This week I did what, for me, is unthinkable. I integrated strength and speedwork into my routine. I did my first fartlek in twenty years. I did bounding drills. Somehow I still haven’t found a sustainable hill workout…does the 1000+ feet of gain during my long run count? As for the non-running bits of this madness, I’ll get to that below. Mileage for the Sunday to Saturday week, my plan was:
The “1” is more like a filler since I’m streaking…but it seemed like a pretty balanced week. I have felt pretty good mentally and physically every day. The weather has been in the 30s for the lows so that has been in my favor too.
I posted about getting a new routine, and I’ve been sticking with it. The only night I skipped out was the night I fell asleep early! I start with Myssage balls, applying pressure to the tops of the hamstrings (essentially sitting on them) while I use a resistance band to strengthen my feet and ankles. I put the band under my foot and on top of my knee, pointing and flexing my foot and then side to side, finishing with ankle rotations.
Then I lay on my back and do outer hip stretches. After I feel pretty “opened up”, I put the Myssage balls under me toward the top of my pelvis to release that pressure and get a deep stretch.

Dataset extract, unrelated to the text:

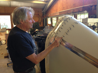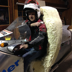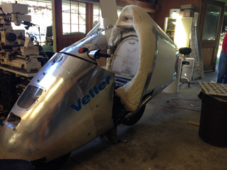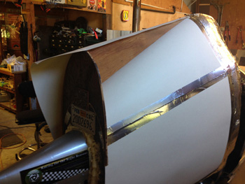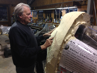 | At this point, we have no idea what this thing will look like. Alan sits and I add foam between him and the Streamlining. Then I file the foam down, blending it to the streamlined rear. Whatever it is, it is. Actually, this is my favorite way to design. There is nothing arbitrary. It must be this way. | ||||||||||||||||||||||||||||||||||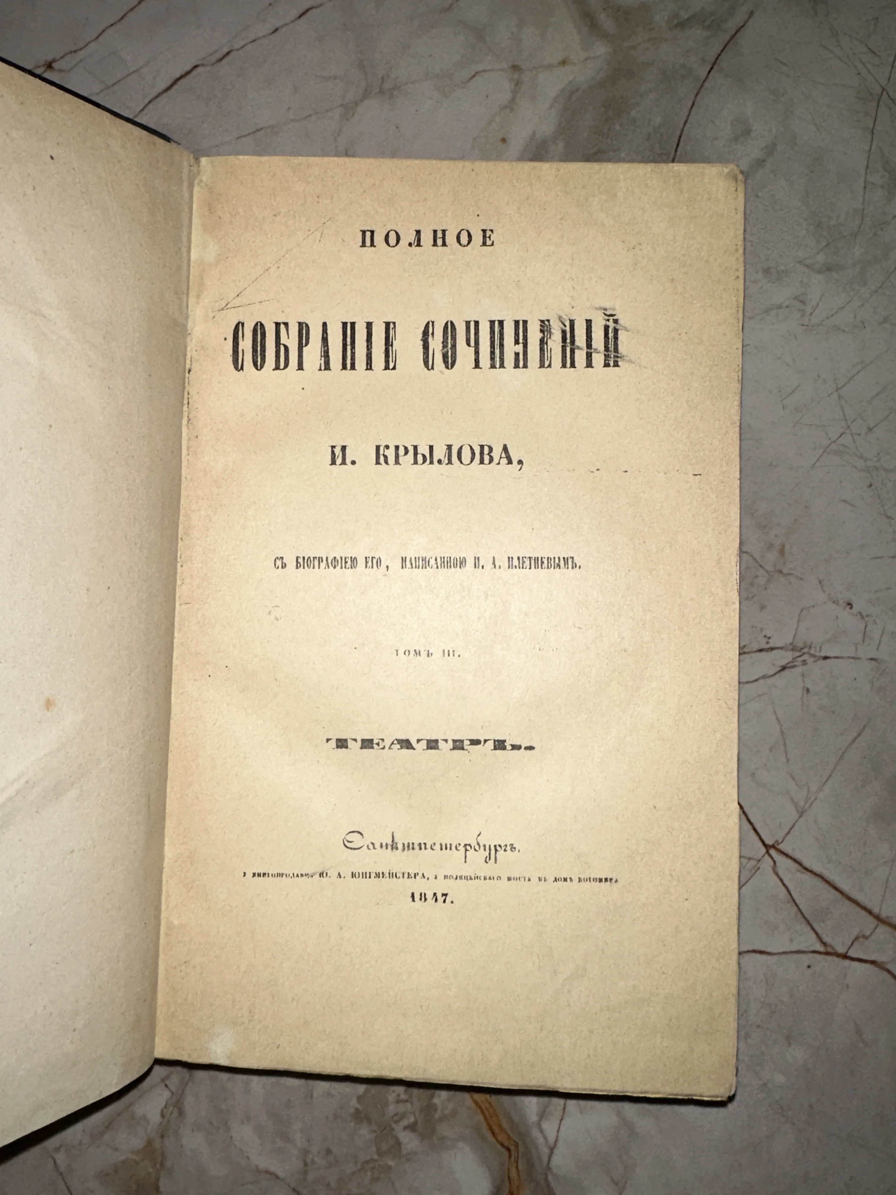 Титульный лист антикварной книги «Полное собрание сочинений И. Крылова», изданной в Санкт-Петербурге в 1847 году.

I apply even more pressure by doing figure-4 stretches, relaxing the entire hip area.
After this I roll to one side and do clamshells, both standard (feet together, spread knees) and reverse (knees together, spread feet). I repeat this on the other side then roll to my back again and do resistance band abductions.
This week I’d like to add some squats with the kettle bell and maybe some deadlifts.
It’s all a bit technical and boring, but I’ve got to keep a record of what I am experimenting with so I can recreate victories and eliminate failures.
Next weeks goal, Again Sunday to Saturday, will be 1-4-6-2-4-2-11.
Feel free to streak along with me and give me any pointers!